Mr. Sandford stood with the light going out of his eyes, gazing straight before him. “In that case—in that case,” he began, “you should—I must——”

“I say, don’t take it like that, old man. It’s the fortune of war. One up and another down. It can’t be helped, don’t you know. Sandford, I say, why, it’ll come all right again in half-a-dozen years or so. It’ll come all right after a time.”

“What did you say?” said Mr. Sandford, dazed. Then he answered vaguely, “Oh yes; all right—all right.”

“What’s the matter? I’ve been a wretched fool. Sandford, here, I say, have a glass of wine.”

“There’s nothing the matter. It seems to me a little—cold. I know—I know it’s not a cold day; but there’s a chill wind about, penetrating—thanks, Daniells, you’ve cleared up my problem very well. Now, I think—I think I understand.”

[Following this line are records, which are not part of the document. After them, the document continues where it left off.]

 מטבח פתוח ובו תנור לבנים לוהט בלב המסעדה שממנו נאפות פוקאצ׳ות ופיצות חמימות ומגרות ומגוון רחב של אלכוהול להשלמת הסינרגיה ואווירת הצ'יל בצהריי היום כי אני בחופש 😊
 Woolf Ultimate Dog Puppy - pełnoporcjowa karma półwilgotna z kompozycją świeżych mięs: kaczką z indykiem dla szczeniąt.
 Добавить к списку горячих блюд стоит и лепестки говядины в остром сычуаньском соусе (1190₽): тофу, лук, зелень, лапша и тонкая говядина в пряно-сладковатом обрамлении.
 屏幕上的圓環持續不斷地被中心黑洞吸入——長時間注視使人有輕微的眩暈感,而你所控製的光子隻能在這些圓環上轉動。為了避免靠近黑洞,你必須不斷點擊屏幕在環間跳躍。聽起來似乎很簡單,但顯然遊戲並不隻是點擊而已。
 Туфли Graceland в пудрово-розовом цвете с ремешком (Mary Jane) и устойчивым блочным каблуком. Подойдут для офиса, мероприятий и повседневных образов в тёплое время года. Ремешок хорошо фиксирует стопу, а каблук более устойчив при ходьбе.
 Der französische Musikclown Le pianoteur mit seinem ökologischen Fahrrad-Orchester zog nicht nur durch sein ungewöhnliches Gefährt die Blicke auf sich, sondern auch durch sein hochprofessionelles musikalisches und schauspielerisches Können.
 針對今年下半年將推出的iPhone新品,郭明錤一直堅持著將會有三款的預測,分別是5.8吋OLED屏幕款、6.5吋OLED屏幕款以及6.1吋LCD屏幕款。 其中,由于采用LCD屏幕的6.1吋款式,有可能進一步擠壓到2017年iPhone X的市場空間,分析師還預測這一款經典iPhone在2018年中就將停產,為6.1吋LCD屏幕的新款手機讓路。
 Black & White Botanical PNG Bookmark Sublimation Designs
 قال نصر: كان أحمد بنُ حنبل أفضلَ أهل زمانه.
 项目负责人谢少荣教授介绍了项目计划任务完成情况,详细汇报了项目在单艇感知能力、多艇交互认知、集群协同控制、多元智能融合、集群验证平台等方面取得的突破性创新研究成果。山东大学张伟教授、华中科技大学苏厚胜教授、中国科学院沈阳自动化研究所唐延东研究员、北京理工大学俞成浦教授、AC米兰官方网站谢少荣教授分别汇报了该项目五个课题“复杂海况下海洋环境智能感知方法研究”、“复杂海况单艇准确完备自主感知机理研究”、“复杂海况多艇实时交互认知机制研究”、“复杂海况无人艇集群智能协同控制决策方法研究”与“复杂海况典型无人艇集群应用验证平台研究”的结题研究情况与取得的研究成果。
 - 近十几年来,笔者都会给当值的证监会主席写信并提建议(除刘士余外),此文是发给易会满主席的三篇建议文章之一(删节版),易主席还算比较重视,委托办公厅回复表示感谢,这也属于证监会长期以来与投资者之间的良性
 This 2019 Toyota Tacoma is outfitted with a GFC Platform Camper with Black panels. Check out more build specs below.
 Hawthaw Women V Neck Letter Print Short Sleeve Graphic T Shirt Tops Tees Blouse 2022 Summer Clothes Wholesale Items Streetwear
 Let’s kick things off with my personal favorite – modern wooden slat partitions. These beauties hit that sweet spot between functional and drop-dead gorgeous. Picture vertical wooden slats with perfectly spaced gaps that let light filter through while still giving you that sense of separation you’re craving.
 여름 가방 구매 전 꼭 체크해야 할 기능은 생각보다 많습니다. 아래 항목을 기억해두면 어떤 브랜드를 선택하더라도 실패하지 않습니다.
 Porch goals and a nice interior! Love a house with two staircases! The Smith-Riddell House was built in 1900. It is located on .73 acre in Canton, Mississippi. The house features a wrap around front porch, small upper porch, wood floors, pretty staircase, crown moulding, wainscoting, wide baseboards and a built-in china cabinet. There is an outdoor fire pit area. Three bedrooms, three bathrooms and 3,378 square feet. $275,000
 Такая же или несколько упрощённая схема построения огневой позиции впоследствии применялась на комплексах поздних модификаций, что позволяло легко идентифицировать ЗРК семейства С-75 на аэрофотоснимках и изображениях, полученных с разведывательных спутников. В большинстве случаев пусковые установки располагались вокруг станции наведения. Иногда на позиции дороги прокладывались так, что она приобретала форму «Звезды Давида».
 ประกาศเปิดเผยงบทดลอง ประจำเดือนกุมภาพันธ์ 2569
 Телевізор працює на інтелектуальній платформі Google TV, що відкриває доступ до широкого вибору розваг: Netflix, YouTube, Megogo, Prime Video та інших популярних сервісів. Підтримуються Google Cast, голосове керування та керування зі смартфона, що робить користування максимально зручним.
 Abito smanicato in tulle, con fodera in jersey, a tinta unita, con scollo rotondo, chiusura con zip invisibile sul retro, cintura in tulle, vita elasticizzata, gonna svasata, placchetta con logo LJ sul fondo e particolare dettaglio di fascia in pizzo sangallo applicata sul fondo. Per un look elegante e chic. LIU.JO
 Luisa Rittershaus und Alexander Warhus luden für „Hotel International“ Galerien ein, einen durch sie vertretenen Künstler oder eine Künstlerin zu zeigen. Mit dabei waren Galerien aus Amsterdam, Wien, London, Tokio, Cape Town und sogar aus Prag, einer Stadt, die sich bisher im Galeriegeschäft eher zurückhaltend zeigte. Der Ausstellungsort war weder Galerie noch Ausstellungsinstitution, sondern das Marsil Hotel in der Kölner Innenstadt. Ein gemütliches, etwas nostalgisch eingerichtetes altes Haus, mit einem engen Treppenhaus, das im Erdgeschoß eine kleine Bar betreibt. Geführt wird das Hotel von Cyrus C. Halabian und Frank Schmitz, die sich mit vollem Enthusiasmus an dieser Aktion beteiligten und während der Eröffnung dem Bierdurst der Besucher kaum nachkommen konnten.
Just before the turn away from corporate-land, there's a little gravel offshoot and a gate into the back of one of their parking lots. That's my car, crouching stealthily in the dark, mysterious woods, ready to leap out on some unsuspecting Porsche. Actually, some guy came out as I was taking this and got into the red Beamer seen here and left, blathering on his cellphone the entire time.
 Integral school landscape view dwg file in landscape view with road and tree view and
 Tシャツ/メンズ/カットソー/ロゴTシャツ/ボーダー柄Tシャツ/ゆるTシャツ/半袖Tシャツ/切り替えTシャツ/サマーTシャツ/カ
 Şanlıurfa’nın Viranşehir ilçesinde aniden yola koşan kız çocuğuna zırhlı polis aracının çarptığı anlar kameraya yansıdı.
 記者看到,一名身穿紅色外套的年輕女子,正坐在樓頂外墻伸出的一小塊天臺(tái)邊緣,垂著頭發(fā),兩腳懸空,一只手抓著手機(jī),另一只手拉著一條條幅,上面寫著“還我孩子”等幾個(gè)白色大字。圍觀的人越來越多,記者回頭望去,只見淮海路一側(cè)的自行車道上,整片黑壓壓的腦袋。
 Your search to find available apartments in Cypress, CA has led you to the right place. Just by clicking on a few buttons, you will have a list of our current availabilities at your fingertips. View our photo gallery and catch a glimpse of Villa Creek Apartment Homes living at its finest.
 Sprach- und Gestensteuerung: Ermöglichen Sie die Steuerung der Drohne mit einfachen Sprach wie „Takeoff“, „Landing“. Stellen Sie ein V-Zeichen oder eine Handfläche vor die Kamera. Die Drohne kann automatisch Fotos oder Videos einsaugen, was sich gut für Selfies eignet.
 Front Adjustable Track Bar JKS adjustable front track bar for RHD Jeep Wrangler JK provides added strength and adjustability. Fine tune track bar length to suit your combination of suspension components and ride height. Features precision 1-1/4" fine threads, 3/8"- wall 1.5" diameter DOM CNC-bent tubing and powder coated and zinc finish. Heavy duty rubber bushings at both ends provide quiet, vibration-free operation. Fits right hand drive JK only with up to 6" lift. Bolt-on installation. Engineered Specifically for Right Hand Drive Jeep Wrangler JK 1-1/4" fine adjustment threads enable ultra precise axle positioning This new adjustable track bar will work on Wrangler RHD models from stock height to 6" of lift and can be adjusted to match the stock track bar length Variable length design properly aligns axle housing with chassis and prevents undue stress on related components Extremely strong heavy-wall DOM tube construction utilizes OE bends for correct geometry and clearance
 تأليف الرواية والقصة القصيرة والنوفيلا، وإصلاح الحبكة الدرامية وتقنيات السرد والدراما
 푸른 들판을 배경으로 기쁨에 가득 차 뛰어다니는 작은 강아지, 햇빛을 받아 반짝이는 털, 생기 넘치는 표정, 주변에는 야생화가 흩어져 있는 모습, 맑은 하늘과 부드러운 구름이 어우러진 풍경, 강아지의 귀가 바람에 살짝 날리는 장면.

“Don’t go now, Sandford; don’t go like this.”

“I want,” he said, smiling again, “to think it over. Much obliged to you, Daniells, for helping me to understand.”

“Sandford, don’t go like this. You make me awfully anxious—I’m sure you’re ill. I can’t let you go out of my place, looking so dreadfully ill, without some one with you.”

“Some one with me! I hope you don’t mean to insult me, Daniells. I am perfectly well—a little startled, but that’s all. I shall go and take a walk, and blow away the cobwebs, and—think it over. That’s the best thing. I’m much obliged to you, Daniells. Good-bye.”

“Have a hansom, at least,” Daniells said.

“No hansom,” Mr. Sandford answered, turning upon the dealer with a curious smile. He even laughed a little—low, but quite distinct. “No, I’ll have no hansom. Good-bye, Daniells, good-bye.”

And in a minute he was gone. The picture dealer went out to the door after him, and followed him with his eyes until his figure was lost in the crowd. Daniells was alarmed. He blamed himself for his frankness. “I never thought he’d have taken it to heart like that,” he said to himself. “Yes, I did; or I might have done—he’s awful proud. But I’m ’asty. I can’t help it; I’m always doing things I’m sorry for. Anyhow, he must have found it out some time, sooner or later,” the dealer said to himself; and this philosophy silenced his fears.